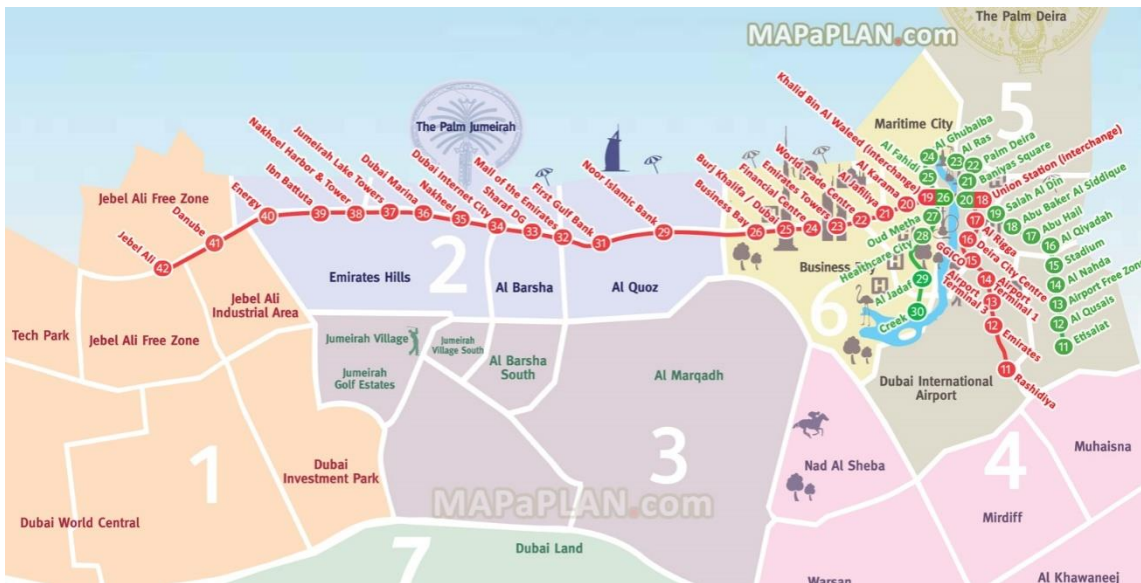
SLIKA 2 Plan vožnje metroa

Prilikom izgradnje važnu ulogu imala je klima. Naime, Dubai se nalazi na pustinjskom području gdje temperatura ljeti prelazi 40°, ponekad 50°C stupnjeva, dok se zimi kreće oko ugodnih 25 °C. Kako bi osigurali dolazak posjetitelja i u vrijeme vrućih ljetnih mjeseci većina turističkih atrakcija smještena je u zatvorenom prostoru, u strogo kontroliranim uvjetima s
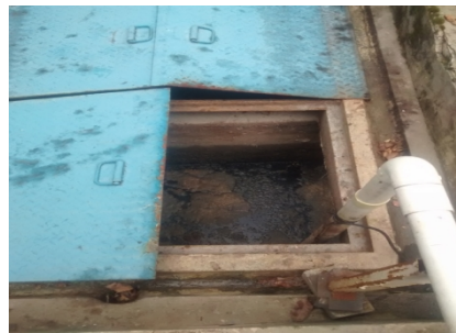
Foto No 3. Cribado
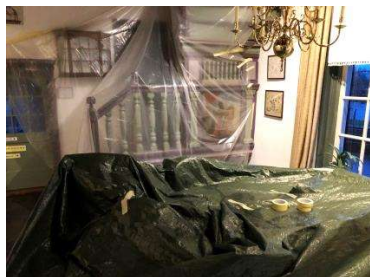
Afgedekt om het te beschermen tegen het stof. Nodig was het niet.
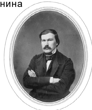
А.В.ДРУЖИНИН. 1824-1864. Фотография 1856.

Что ждет меня и всех нас ровно через год, 31 дек<абр>я 1855 года? (О Крымской войне - В.Б.) Много ли еще бед наделают шуцера Минье и не прекратится ли убийство хорошего и славного народа? Не придется ли нам быть зрителями великих зрелищ и бранной эпохи? Сбережем ли мы всех друзей наших и самих себя? Не кончится ли вся эта кровавая история благополучным миром? Поймут ли люди, наконец, что на свете и без войны жить довольно трудно, а с войною для многих невыносимо? Но
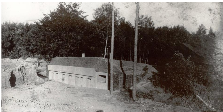
Рисунок 1. Сховище бункерного типу «Бригади Больцано» (с. Бурканів) – основа запланованого музейного комплексу січових стрільців.

До речі, цікавим було б відтворити і російські польові укріплення. Відтворення в натурі і у тому ж масштабі макетів австрійських та російських бліндажів і окопів сприятиме чуттєвому, наочному сприйняттю цього важливого елементу військової інфраструктури та порівнянню ставлення військового керівництва ворогуючих держав до життя своїх солдатів і офіцерів.
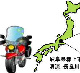
岐阜県郡上市 清流 長良川
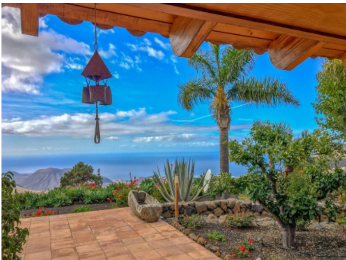
Beeindruckender Meerblick von der Terrasse
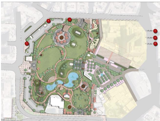
اسكتش يوضح الاماكن المقترحة لتوزيع الاكشاك بالموقع العام
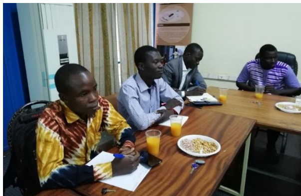
Rencontre du 12 décembre, Ouagadougou

Retrouvez-nous en 2019 pour de nouvelles rencontres qui s'annoncent passionnantes !
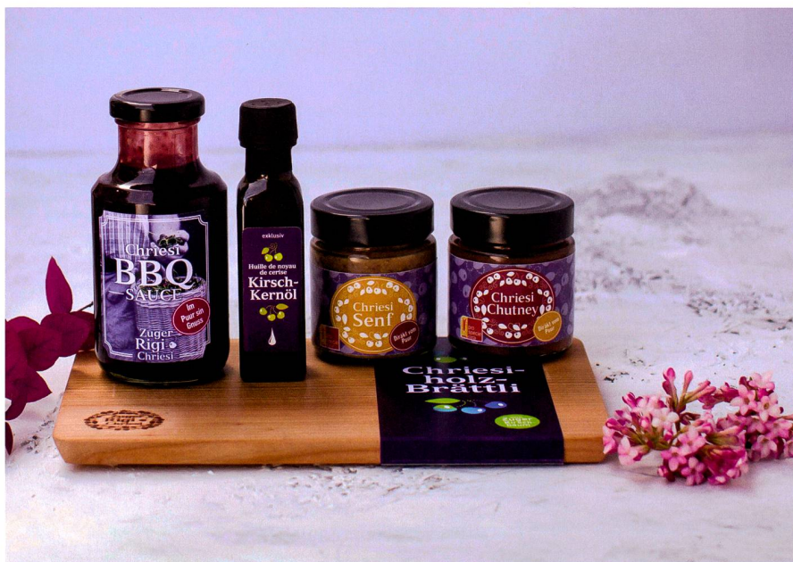
Abb. 4: Ein einheitliches Erscheinungsbild porträtiert die Marke «zuger-rigi-chriesi». Die Produkte werden mit Kirschen aus der Region Zug-Rigi regional hergestellt.

Detailhandel (Spezialitätengeschäfte, Confiseries, Coop), in der Gastronomie und auch im Geschäftsbereich (als Kundengeschenke). Die Marke zuger-rigi-chriesi ist in der Region etabliert und gewinnt langsam auch an überregionaler Bekanntheit. Dazu tragen innovative Produkte wie Chriesi BBQ Sauce oder Chriesi Chutney bei. Das heutige Produktportfolio dokumentiert, wie eine traditionelle Frucht bei der immer grösseren Nachfrage nach regionalen Produkten eine vielversprechende Zukunft hat, wenn gezielt auf aktuelle Ernährungstrends reagiert wird.
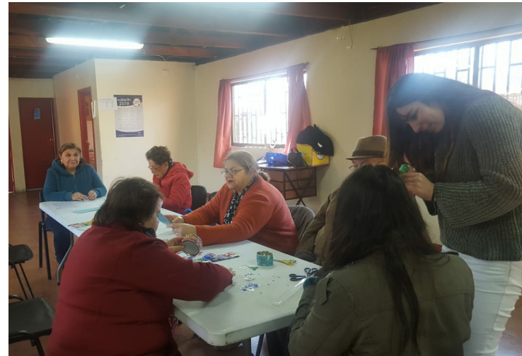
Grupo de adultos/as mayores Barrio Santa Rosa
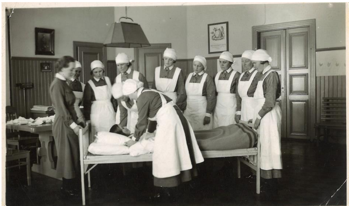
Kuva 7. Noormarkun lotat harjoittelemassa potilaanhoitoa Klubilla. Kuvan ajanottoa ei ole jäänyt tietoon, mutta voidaan olettaa, että kuva on otettu vuosien 1920 ja 1944 välillä.

katsomaan, kun sotaan lähteviä joukkoja koottiin seuratalon pihaan ja marssitettiin sieltä edelleen Poriin. 180
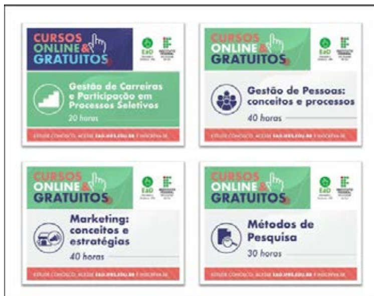
Figura 1. Exemplos de cards de divulgação dos cursos de extensão a distância

Verifica-se, considerando o perfil dos participantes e as demais informações citadas, uma convergência com a missão do IFRS, no que se refere à oferta de uma educação profissional, científica
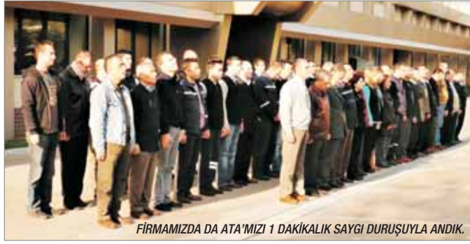
FİRMAMIZDA DA ATA'MIZI 1 DAKİKALIK SAYGI DURUŞUYLA ANDIK.

10 Kasım 1938 günü saat 9'u 5 geçte büyük kurtarıcı hayata veda etti. Rahat uyu Atam...İzindeyiz.
______
* **Exercise objective**: Give solely the number of lines in the data that contain the string "zuger".

* **Response for this exercise**: 2